En 1989 el politólogo norteamericano Frances Fukuyama proclamó el fin de la historia. Fukuyama argumentaba que con el agotamiento del modelo comunista y la derrota del fascismo, solo quedaba el liberalismo económico y político como alternativa duradera. Si bien el capitalismo global se mantuvo en ascenso en el siguiente cuarto de siglo, la tesis del liberalismo político como única alternativa fue a parar al tacho de la historia a más tardar el 11 de setiembre del 2001. Una década y media después, el proyecto político de Occidente se ve amenazado por el populismo que surge de su propia entraña, por el terrorismo islamista y por autoritarismos de nueva cuna como el de Vladimir Putin. En el centro de estos desafíos está la globalización.
Si bien la globalización hace más eficientes las economías y ha contribuido a sacar a millones de personas de la pobreza, ha generado también una clase de ciudadanos rezagados. En las democracias occidentales, se trata fundamentalmente de obreros industriales que perdieron sus puestos por el desplazamiento de la producción a países con menores costos laborales, y de trabajadores poco calificados en los sectores de servicios que han visto una presión a la baja de sus salarios en términos reales.
No son pocos los economistas que coinciden en que se pudo haber manejado la globalización de otra manera. Pesos pesados como Jeffrey Frankel y Joseph Stiglitz han demandado por años medidas para compensar a los perdedores del sistema. Sin embargo, esas medidas no han tenido el impulso debido y el costo se está sintiendo en las cabinas de votación, donde los olvidados por la globalización han dejado en claro su enfado en años recientes. El populismo de derecha, con su mensaje anticosmopolita y anti-establishment está claramente en alza en Europa y Estados Unidos.

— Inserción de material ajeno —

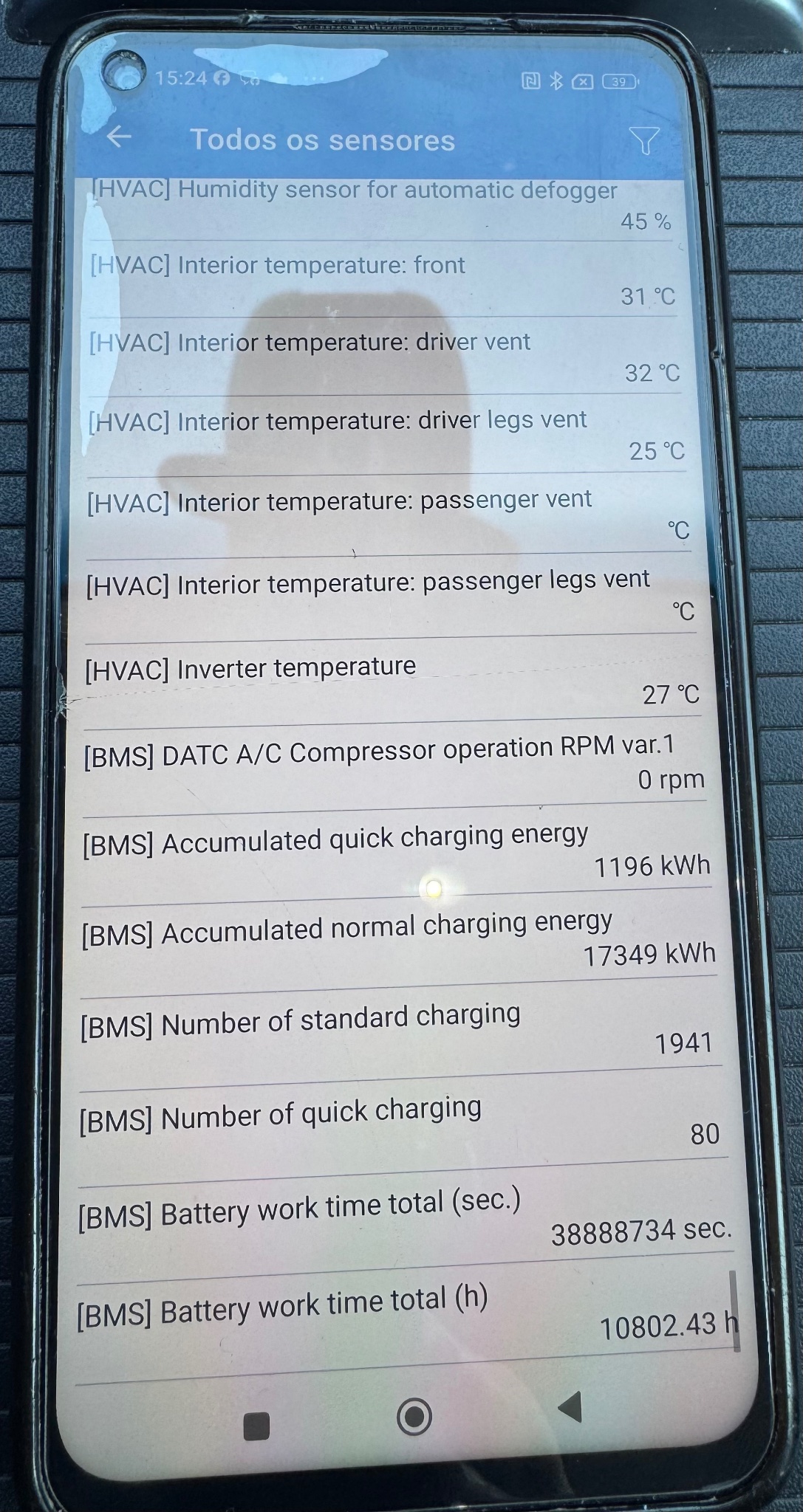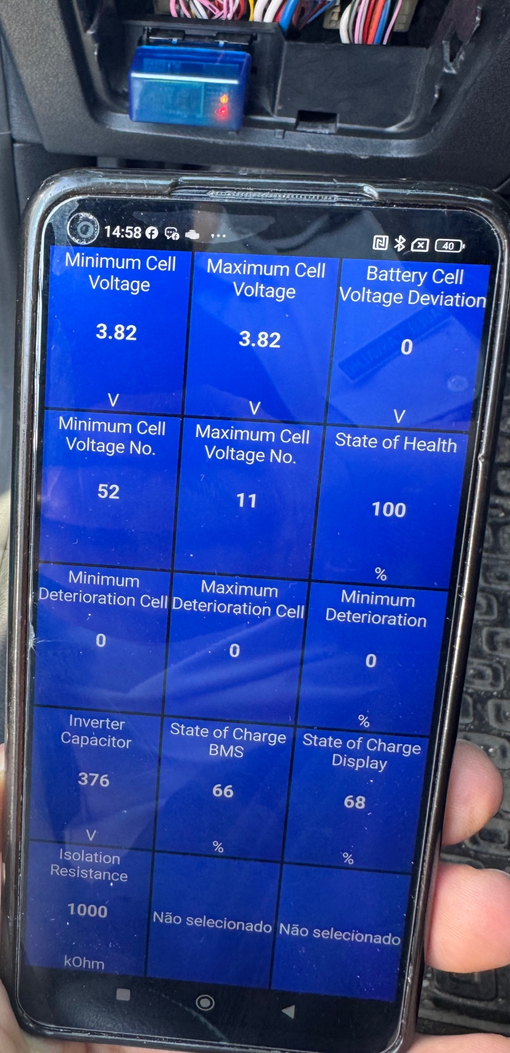 Quanto ao estado da bateria, o antigo proprietário enviou-me um print do car scanner com os parâmetros bastante simpáticos. Ontem fui à oficina https://secondcycle.pt para mostrar o carro e fizeram um diagnóstico à bateria; o resultado foi muito positivo e correspondente ao print do car scanner.

En junio pasado, los británicos votaron en un referendo a favor de salir de la Unión Europea. Según Italo Colantone y Piero Stanig de la Universidad Bocconi, el ‘brexit’ ganó en las zonas del país más afectadas por la globalización, aquellas regiones en las que la competencia de países como China ha desplazado a los trabajadores industriales. En Estados Unidos, las encuestas muestran que el núcleo duro de votantes de Donald Trump está constituido por hombres blancos sin educación universitaria que no han podido mantenerse competitivos en la economía global. En Francia, la extrema derecha de Marine Le Pen lidera las encuestas con miras a las presidenciales del 2017 y en Alemania, un nuevo partido euroescéptico y antiinmigración podría convertirse en la segunda fuerza en las elecciones del año próximo.
La incapacidad de los políticos de los dos lados del Atlántico de hacer una globalización más inclusiva pone en cuestión los cimientos mismos de este proyecto. Los populistas antes mencionados se presentan con un programa nacionalista, ya sea en el terreno económico, en el cultural o en el debate sobre la inmigración. Pero ese no es el único problema. Occidente enfrenta el enorme desafío antiliberal del terrorismo islamista y del gobierno de Vladimir Putin. Ante esas amenazas se requiere una defensa unánime de la cultura de la libertad y la tolerancia. Pero en vez de eso, tenemos sociedades cada vez más polarizadas en las que los ganadores de la globalización acogen el discurso de lo cosmopolita y los perdedores pregonan el regreso a la tribu. Los dilemas irresueltos de las últimas tres décadas han debilitado a Occidente frente a los grandes desafíos del presente.
El semanario británico “The Economist” tiene razón en que la principal división política actual es entre sociedades abiertas y cerradas, más que entre izquierda y derecha. En las democracias occidentales, los defensores de la sociedad abierta no están ganando ni el debate ideológico, ni los corazones de sus ciudadanos. Se vienen tiempos turbulentos.